* _TASK DETAILS_:
Output only the lines below from the one holding "Первый аспект современного" down to the one holding "下半场,第62分钟,谢什科传", both end lines included and every picture dropped.

* _DATA SUPPLIED_:
↓↓↓

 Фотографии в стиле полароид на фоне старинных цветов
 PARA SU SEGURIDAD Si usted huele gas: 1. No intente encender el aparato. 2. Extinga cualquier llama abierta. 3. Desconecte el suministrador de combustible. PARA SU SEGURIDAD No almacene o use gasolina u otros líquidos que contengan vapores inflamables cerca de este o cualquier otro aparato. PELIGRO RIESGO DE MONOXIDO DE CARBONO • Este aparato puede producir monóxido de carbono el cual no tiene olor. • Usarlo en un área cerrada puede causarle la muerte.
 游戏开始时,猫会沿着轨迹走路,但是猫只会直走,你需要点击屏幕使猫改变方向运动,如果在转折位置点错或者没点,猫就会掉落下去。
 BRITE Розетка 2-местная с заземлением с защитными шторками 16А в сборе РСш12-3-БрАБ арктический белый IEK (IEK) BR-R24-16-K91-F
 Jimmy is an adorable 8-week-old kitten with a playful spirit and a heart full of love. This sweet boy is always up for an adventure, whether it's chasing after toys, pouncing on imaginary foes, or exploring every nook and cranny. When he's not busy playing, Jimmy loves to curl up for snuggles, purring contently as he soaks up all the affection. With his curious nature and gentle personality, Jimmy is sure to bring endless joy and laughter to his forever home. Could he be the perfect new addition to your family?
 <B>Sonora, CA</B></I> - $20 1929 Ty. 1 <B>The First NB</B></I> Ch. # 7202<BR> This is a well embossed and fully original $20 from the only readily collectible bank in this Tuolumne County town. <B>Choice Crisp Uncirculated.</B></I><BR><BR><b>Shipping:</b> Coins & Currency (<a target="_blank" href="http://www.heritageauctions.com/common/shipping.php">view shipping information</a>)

↑↑↑
↓↓↓

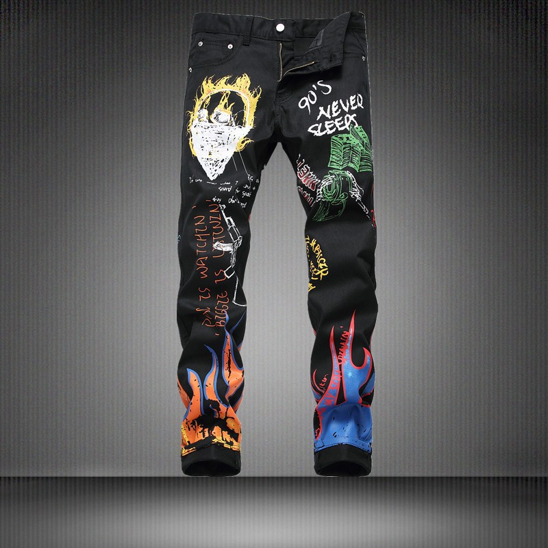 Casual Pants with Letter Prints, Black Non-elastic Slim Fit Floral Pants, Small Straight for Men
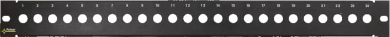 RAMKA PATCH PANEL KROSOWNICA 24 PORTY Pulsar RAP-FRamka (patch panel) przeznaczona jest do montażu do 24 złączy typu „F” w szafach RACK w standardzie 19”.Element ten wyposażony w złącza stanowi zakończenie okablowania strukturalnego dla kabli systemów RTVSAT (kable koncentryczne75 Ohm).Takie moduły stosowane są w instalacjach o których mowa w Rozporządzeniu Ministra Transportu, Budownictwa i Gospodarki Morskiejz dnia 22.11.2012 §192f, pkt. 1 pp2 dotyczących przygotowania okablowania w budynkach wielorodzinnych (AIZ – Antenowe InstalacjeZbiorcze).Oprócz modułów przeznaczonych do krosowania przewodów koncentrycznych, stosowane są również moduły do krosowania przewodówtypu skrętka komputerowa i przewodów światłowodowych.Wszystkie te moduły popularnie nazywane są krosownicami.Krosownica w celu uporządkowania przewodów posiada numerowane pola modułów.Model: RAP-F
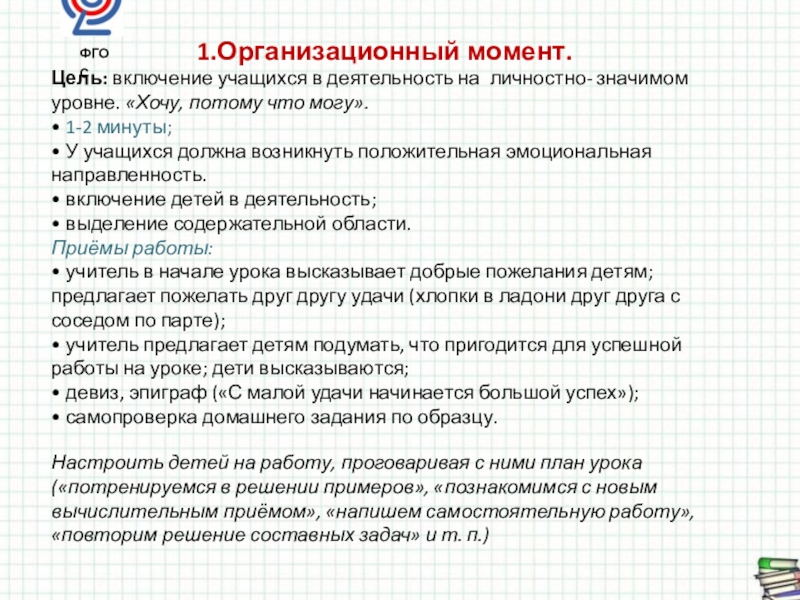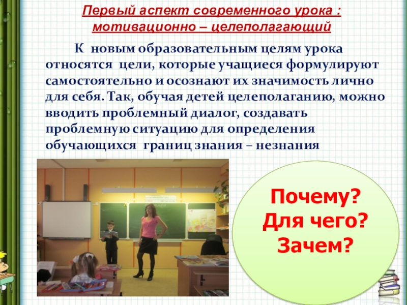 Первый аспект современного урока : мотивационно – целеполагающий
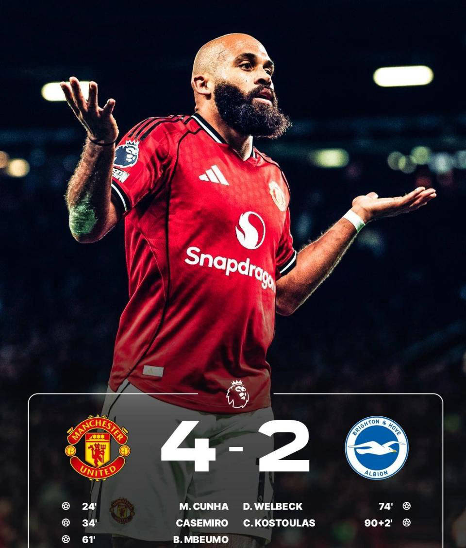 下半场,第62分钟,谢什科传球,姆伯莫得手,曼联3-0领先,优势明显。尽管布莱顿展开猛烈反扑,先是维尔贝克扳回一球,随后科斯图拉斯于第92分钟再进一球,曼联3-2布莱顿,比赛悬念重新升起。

↑↑↑

* _RESPONSE TO THE EXERCISE_:
 Первый аспект современного урока : мотивационно – целеполагающий
 下半场,第62分钟,谢什科传球,姆伯莫得手,曼联3-0领先,优势明显。尽管布莱顿展开猛烈反扑,先是维尔贝克扳回一球,随后科斯图拉斯于第92分钟再进一球,曼联3-2布莱顿,比赛悬念重新升起。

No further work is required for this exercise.